• YOUR INSTRUCTIONS: In the listing below, find the line containing "et al. Phys." and the line containing "Bye Bye Bye! |", then copy exactly everything from the first through the second, except the pictures.

• INPUT MATERIAL:

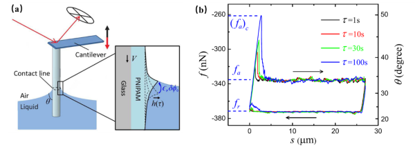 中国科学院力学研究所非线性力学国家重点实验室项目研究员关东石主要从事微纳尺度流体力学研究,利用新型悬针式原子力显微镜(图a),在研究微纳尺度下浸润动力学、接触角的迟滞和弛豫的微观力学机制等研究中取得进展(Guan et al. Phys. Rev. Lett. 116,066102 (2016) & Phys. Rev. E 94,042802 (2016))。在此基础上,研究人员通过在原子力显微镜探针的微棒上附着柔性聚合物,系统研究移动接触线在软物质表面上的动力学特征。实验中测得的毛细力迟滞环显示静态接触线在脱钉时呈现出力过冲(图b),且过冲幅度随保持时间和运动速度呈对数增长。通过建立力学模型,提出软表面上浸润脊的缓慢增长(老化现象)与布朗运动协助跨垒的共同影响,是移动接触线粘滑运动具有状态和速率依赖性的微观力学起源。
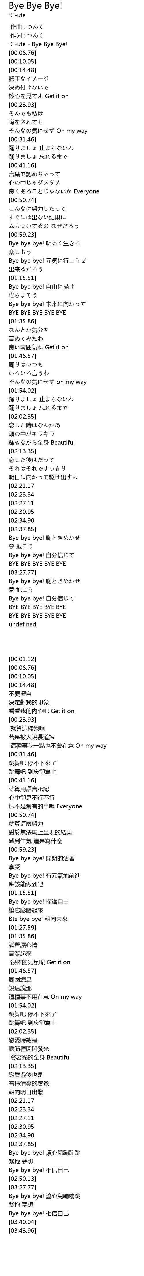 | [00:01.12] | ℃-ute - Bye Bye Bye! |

---

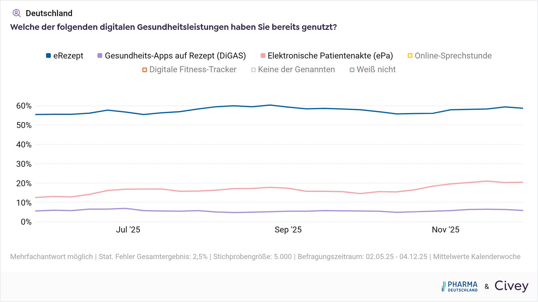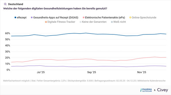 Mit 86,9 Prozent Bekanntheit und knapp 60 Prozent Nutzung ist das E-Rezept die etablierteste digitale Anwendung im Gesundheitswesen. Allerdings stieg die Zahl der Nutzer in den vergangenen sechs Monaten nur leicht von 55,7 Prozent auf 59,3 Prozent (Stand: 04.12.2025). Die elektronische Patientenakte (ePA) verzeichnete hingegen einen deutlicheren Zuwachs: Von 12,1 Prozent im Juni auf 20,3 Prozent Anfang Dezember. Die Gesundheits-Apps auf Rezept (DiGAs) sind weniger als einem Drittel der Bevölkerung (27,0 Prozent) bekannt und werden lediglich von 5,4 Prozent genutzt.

• RESPONSE:
 中国科学院力学研究所非线性力学国家重点实验室项目研究员关东石主要从事微纳尺度流体力学研究,利用新型悬针式原子力显微镜(图a),在研究微纳尺度下浸润动力学、接触角的迟滞和弛豫的微观力学机制等研究中取得进展(Guan et al. Phys. Rev. Lett. 116,066102 (2016) & Phys. Rev. E 94,042802 (2016))。在此基础上,研究人员通过在原子力显微镜探针的微棒上附着柔性聚合物,系统研究移动接触线在软物质表面上的动力学特征。实验中测得的毛细力迟滞环显示静态接触线在脱钉时呈现出力过冲(图b),且过冲幅度随保持时间和运动速度呈对数增长。通过建立力学模型,提出软表面上浸润脊的缓慢增长(老化现象)与布朗运动协助跨垒的共同影响,是移动接触线粘滑运动具有状态和速率依赖性的微观力学起源。
 | [00:01.12] | ℃-ute - Bye Bye Bye! |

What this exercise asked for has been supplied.